The pragmatist`s progress
Richard Rorty explains straight off that he had read Foucault’s Pendulum as an anti-essentialist satire which made fun of the way scholars, critics and philosophers suppose they can crack codes, peel away the surface of things to reveal a true, underlying nature. He had read it as a spoof of the metaphor of depth – of the notion that there are deep meanings hidden from the vulgar, meanings which only those lucky enough to have cracked a very difficult code can know. That he was wrong just shows he’s right: having imagined that Eco had abandoned his search for “the code of codes,” he’s like every other obsessive whose reading is just a reflection of his own preoccupations.
Rorty’s general stance is sharpened by a little story he tells, his own march toward Enlightenment, “The Pragmatist’s Progress,” as he calls it. This “semi-autobiographical” narrative doesn’t, naturally, describe the road to Enlightenment, but rather the meanderings that led him to his present pragmatism. It begins when the Seeker after Enlightenment realizes that all the great dualisms of Western Philosophy “can be dispensed with.” Not synthesized or overcome, just forgotten.

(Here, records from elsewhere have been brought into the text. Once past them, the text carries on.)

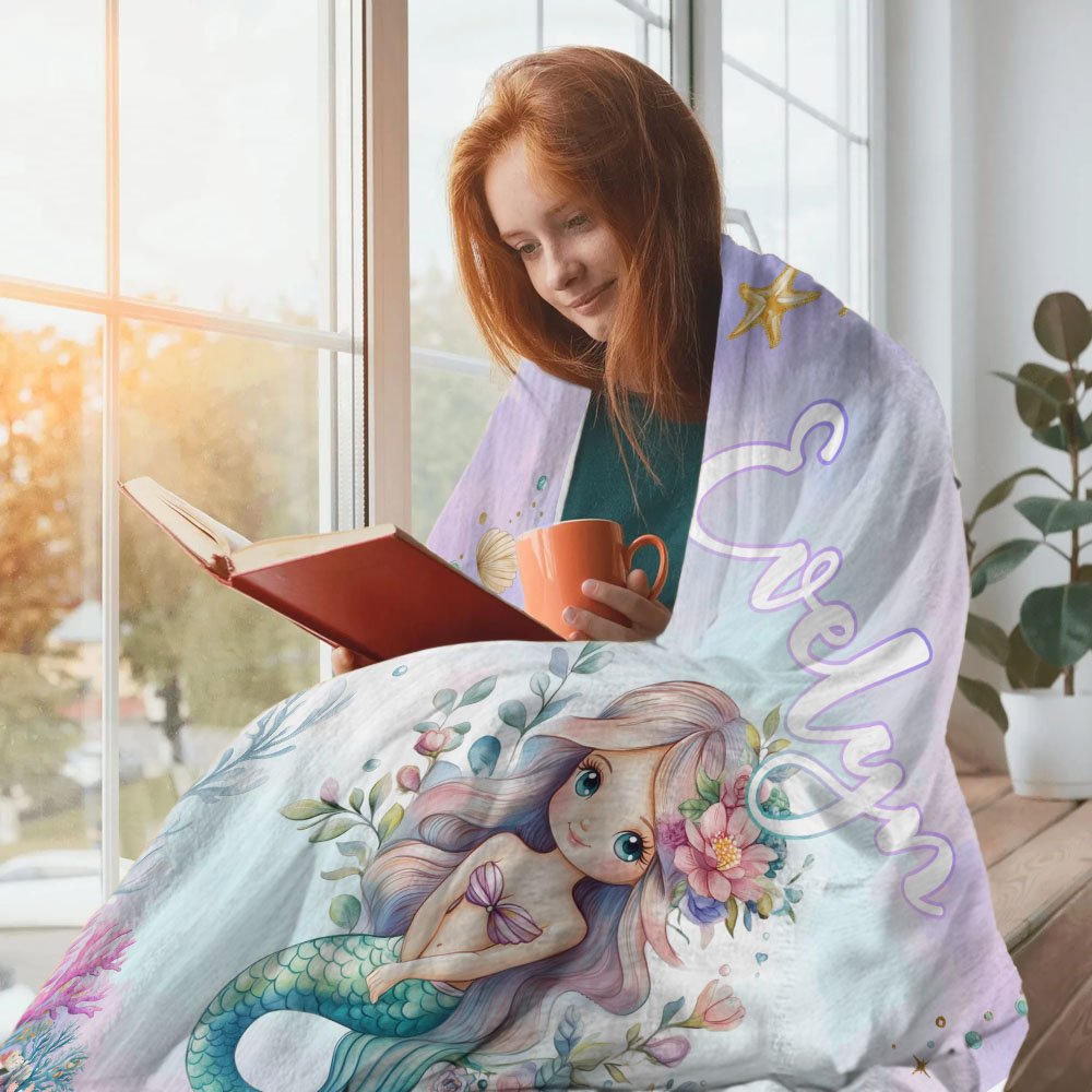 Personalized Fantasy Mermaid Princess Underwater World Soft Throw Blanket with Name Home Decor Birthday Gift for Girls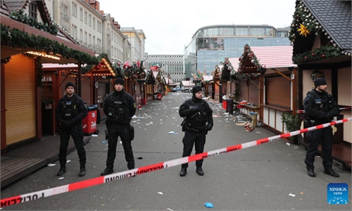 Local people gather at Johannis Church to mourn and pay tribute to the victims on December 21, 2024, one day after the deadly attack at the Christmas market in Magdeburg, Germany. A driver drove into a group of people at the market, killing at least five and injuring 200 others. Photo: VCG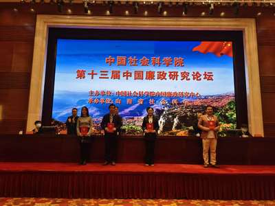 2020年9月24日,中国社会科学院第十三届中国廉政研究论坛在山西召开,本次论坛的主题为“深入推进廉政建设高质量发展”。全国各高校、科研院所和纪检监察执法部门的相关专家近200位参加了此次论坛。与会者就“廉政学基础理论研究“、“纪检监察实践”、“新时代从严治党的重要方略”等主题展开了热烈讨论。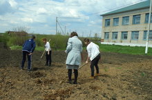 Продолжается работа на пришкольном участке. Для учащихся это своего рода «азбука» земли.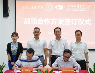 7月31日下午,廈門大學(xué)附屬?gòu)B門眼科中心與廈門大學(xué)醫(yī)學(xué)院在廈門大學(xué)翔安校區(qū)舉行戰(zhàn)略合作方案簽訂儀式,雙方簽署戰(zhàn)略合作協(xié)議并進(jìn)一步深化醫(yī)療、教學(xué)和科研領(lǐng)域的合作。廈門眼科中心董事長(zhǎng)蘇慶燦,中國(guó)科學(xué)院院士、廈門大學(xué)醫(yī)學(xué)院院長(zhǎng)韓家淮代表雙方進(jìn)行簽約。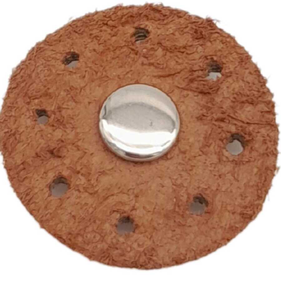 Çap: 3 cm Metal Renk: Gümüş Dikme delikleri mevcuttur. Gerçek Deriden üretilmiştir. 1 adet Fiyatıdır.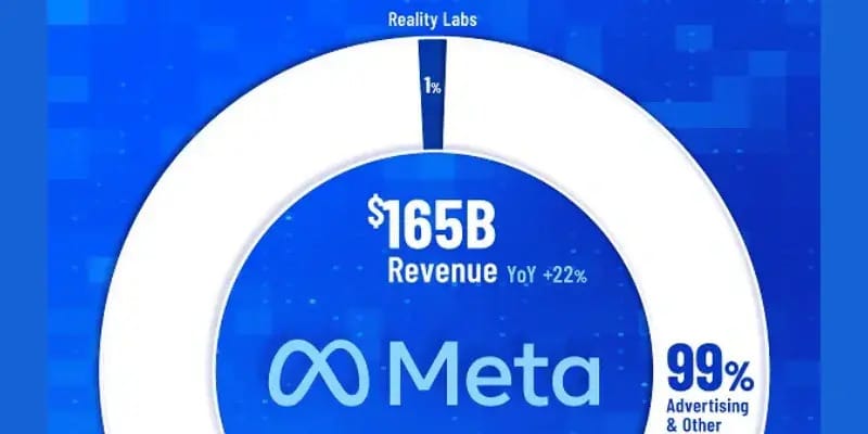 Meta's business breakdown shows that 98% of revenue comes from ads. Spoiler: Meta still runs on ads!

An early stage of Enlightenment comes when one reads Nietzsche and begins thinking of all these dualisms as just so many metaphors for the contrast between an imagined state of total power, mastery and control and one´s own present impotence. A later, more advanced state is reached when Thus Spake Zarathustra just induces giggles. At that point, with a bit of help form Freud, one begins to hear talk about the Will to Power as just a euphemism for the male´s hope of getting back at Mummy and Daddy.
The “final stage” of “The Pragmatist’s Progress” comes when it’s realized that there was no development in this business at all, that the road to Enlightenment was nothing more than “the contingent results of encounters with various books which happened to fall into one’s hands.” This stage is pretty hard to reach, for one is always being distracted by daydreams. But if the pragmatist can escape from such daydreams, he or she will eventually come to think of himself or herself as, like everything else, capable of as many descriptions as there are purposes to be served. This is the stage in which all descriptions are evaluated according to their efficacy as instruments for purposes, rather than by their fidelity to the object described.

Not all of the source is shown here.